Seperate details of address out

Want to sepaerate details of address so that

chx='Flat 30, Henllys, Wind Street, Swansea'

gives modAdd(chx)=('Swansea', 900, 'Henllys')

Or

chx='15A Bethania Road, Upper Tumble'

gives modAdd(chx)=('Upper Tumble', 15, 'Bethania Road')

def modAdd(address):
    import re

    split1 = address.split(',')
    if len(split1)<2:
        split1 = address.split(' ')
        print('####',split1 ) 
    
    FirstLine=split1[0]
    Region = split1[-1]
    
    try:
        Region=re.search("[A-Za-z][A-Za-z\s]*",Region)[0]
    except:
        Region=Region
    
    
    try:
        HouseNo=re.search("[0-9]*",FirstLine)
#         print(HouseNo)
        HouseNo =int(HouseNo[0])
        
    except:
        FirstLine=split1[1]
        HouseNo=re.search("[\s0-9]*",FirstLine)
        try:
            HouseNo =int(HouseNo[0])
        except:
            HouseNo=900
        
    try:    
        Street=re.search("\s[A-Za-z][A-Za-z\s]*",FirstLine)
        Street=Street[0]
        Street=Street[1:]
    except:
        try:
            Street=split1[1]
            Street=re.search("\s[A-Za-z][A-Za-z\s]*",Street)[0]
            Street=Street[1:]
        except:
            Street='NA'
#         print(FirstLine)
        
#     print('Region {}\n Number {} \n Street {} '.format(Region,HouseNo,Street))

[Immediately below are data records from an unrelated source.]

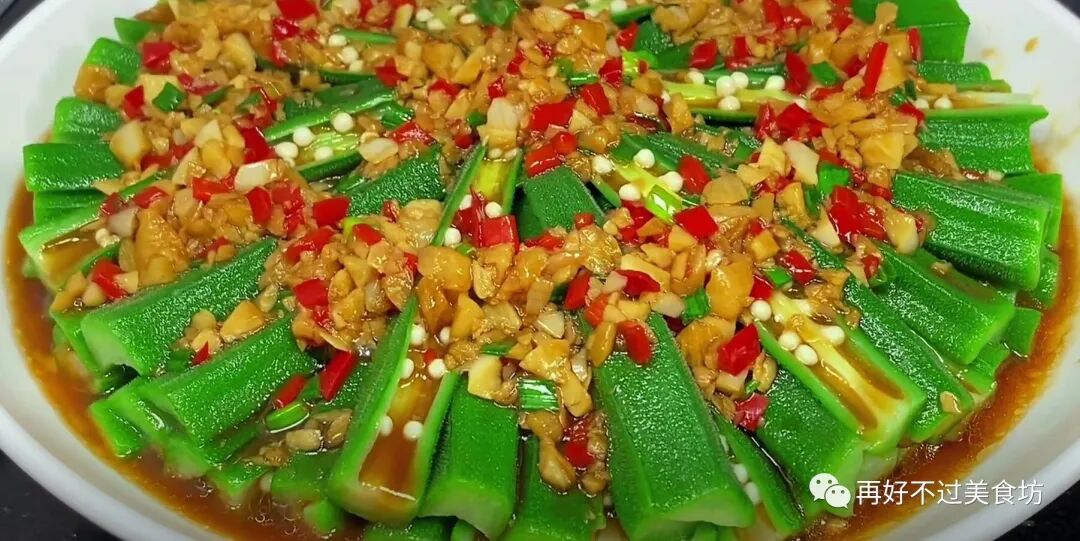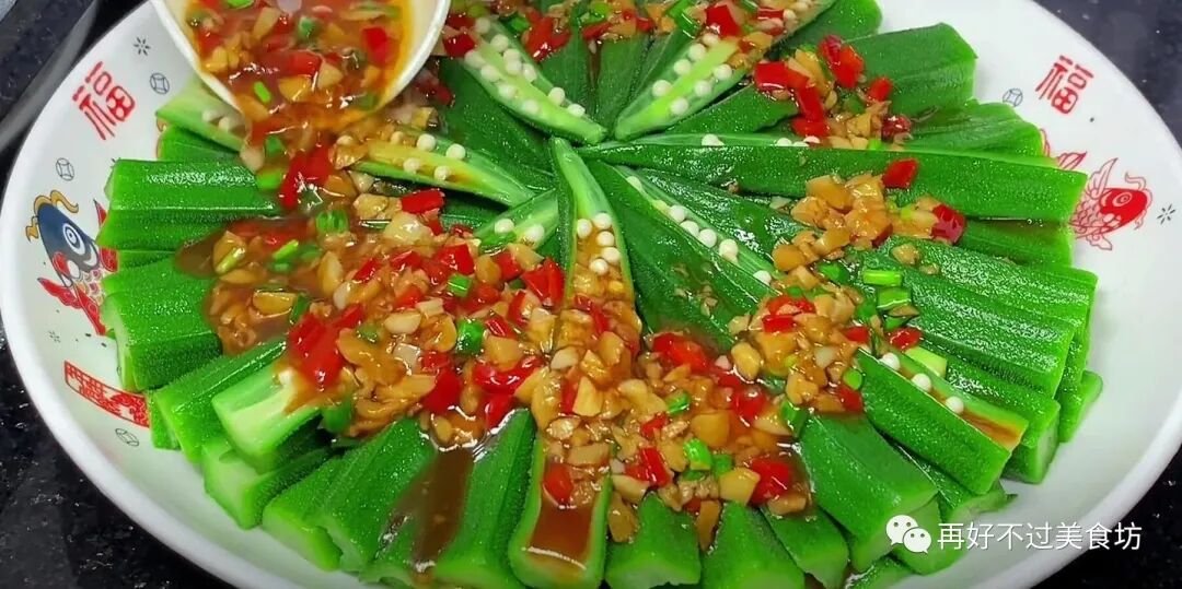 12、下一步就可以把煮好的汤汁,直接淋到秋葵上面,秋葵像我这样做,鲜嫩脆爽,营养不流失,好吃下饭,做法也简单,喜欢的朋友,赶紧收藏起来试试吧。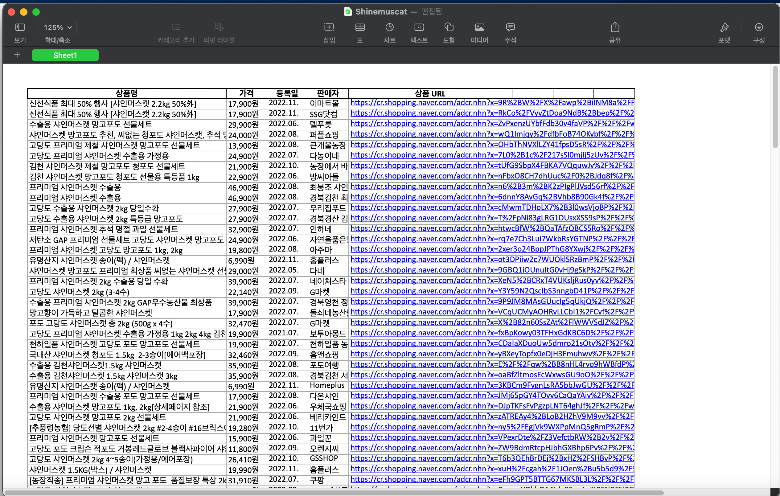 네이버 쇼핑 페이지에 '샤인머스캣'을 치고, "리뷰 많은순"으로 정렬해서 나온 값을 뽑았다.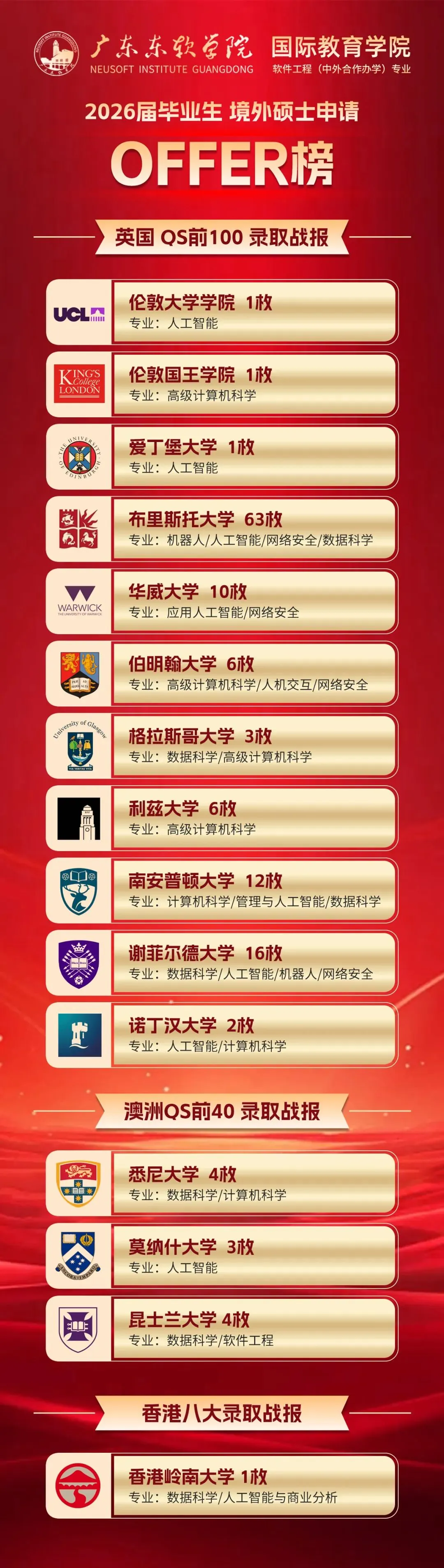 人才培养硕果盈枝,2025升学就业绽荣光。2025届毕业生72人,毕业率100%。海外升学率为40%,多名学子从东软出发,走向伦敦大学学院、布里斯托大学、悉尼大学等世界名校,升硕成绩居广东省民办高校前列;2名优秀毕业生分别被黄埔海关和中山税局录取。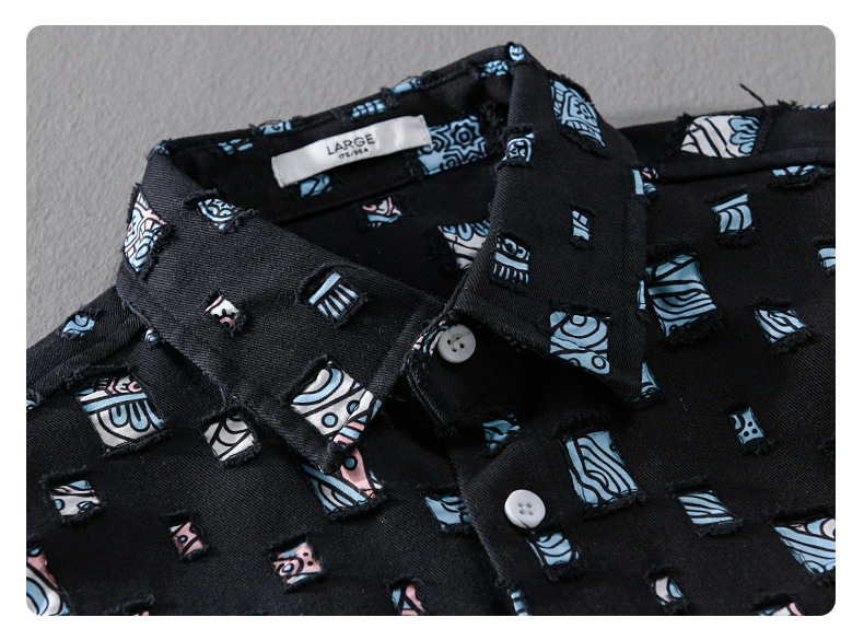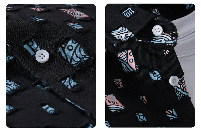 MRMING 디자인 감각 격자 무늬 구멍 바느질 긴 소매 셔츠 빈 패션 코튼 셔츠 재킷 남성복스토어 가기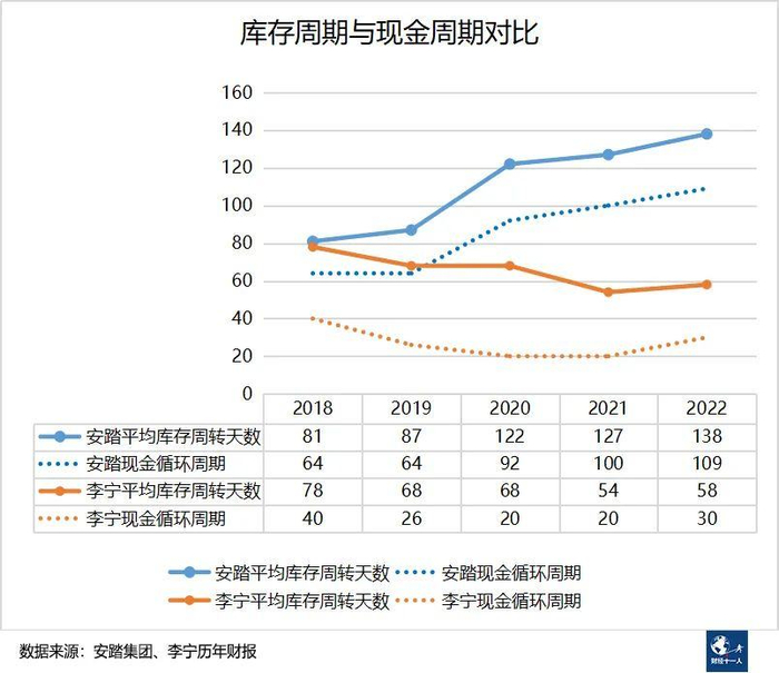 安踏集团存在已久的库存问题,在2022年又刷新了纪录:平均库存周转天数(库存周转一次所需的时间)达138天,是李宁的2.4倍;现金循环周期(企业在经营中从付出现金到收到现金所需的平均时间)为109天,是李宁的3.6倍。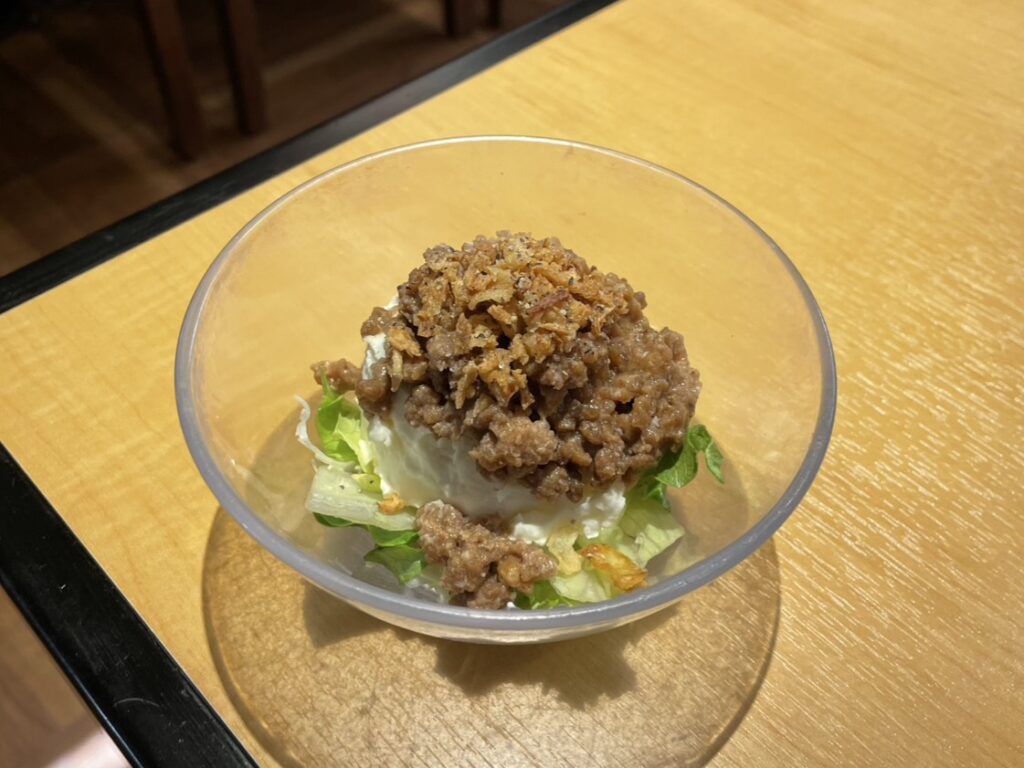シンプルなポテトサラダに甘辛だれで味付けしたひき肉を乗せたオリジナルのサラダだよ✨。
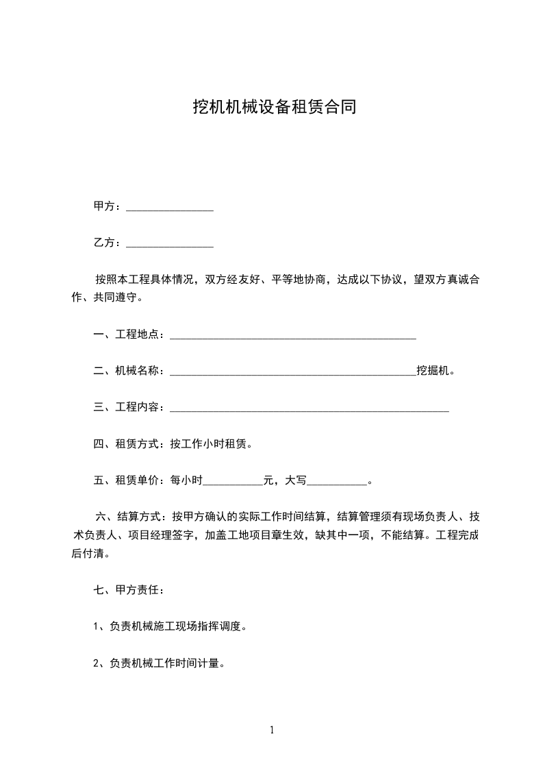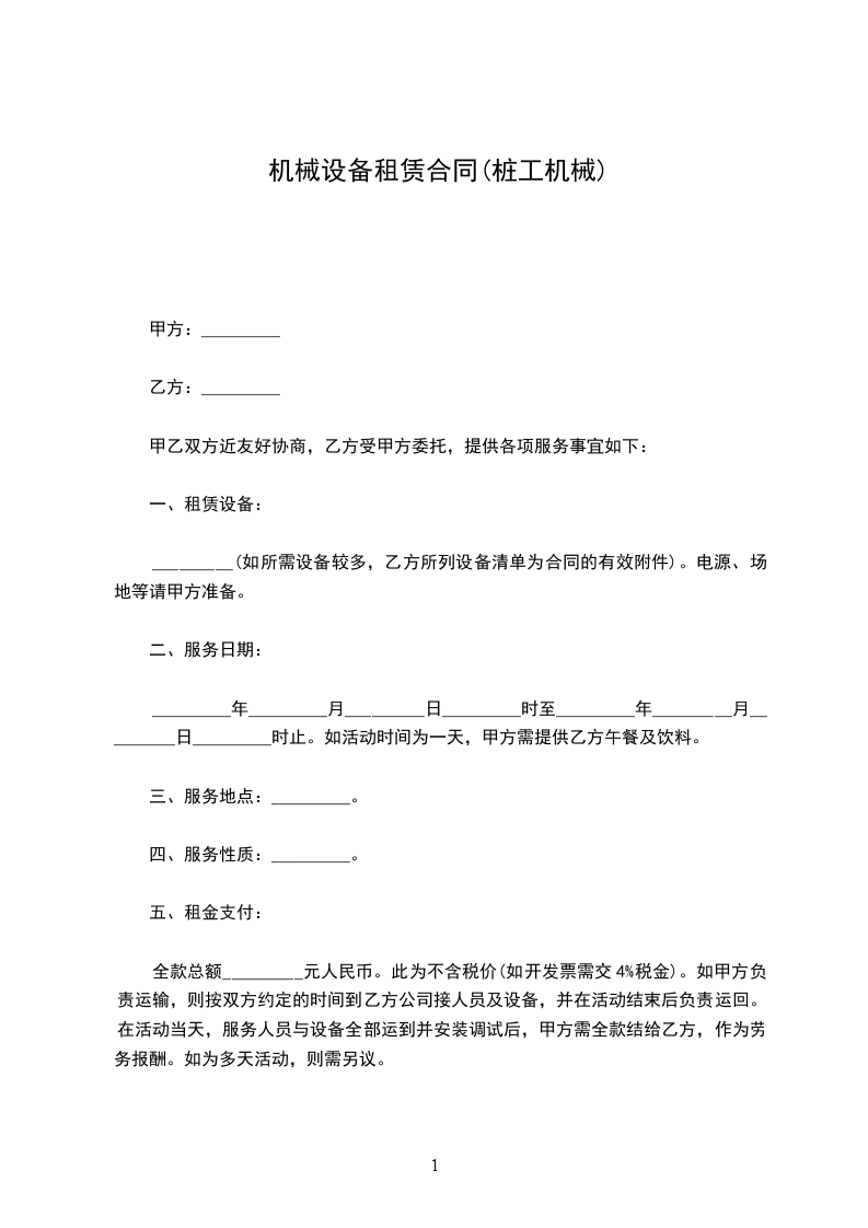 依据《民法典》及有关法律法规,为明确出租方与承租方的权利和义务,遵循平等、自愿、公平和诚信的原则,双方就_________机械租赁事宜协商一致,订立本合同。

    return Region,HouseNo,Street
    
def addAdddets_df(df):
    Street,HouseNo,Region=[],[],[]
    for ita,oo in enumerate(df.index):
        
        addTemp=df.iloc[ita].Address
        RegionTemp,HouseNoTemp,StreetTemp=modAdd(addTemp)
        Region.append(RegionTemp)
        HouseNo.append(HouseNoTemp)
        Street.append(StreetTemp)
    df.insert(1,'Street',Street)
    df.insert(1,'HouseNo',HouseNo)    
    df.insert(1,'Region',Region)
    return df
try:
    df.drop(columns=['Street','HouseNo','Region'],inplace=True)
except:
    pass
df=addAdddets_df(df)

Create train and validation sets

Do this randomly in this case 97:3 split

sza=np.shape(df)[0]

randAr=np.random.randint(0,100, size=sza)
cond = randAr>=3

train_idx = np.where( cond)[0]
valid_idx = np.where(~cond)[0]

splits = (list(train_idx),list(valid_idx))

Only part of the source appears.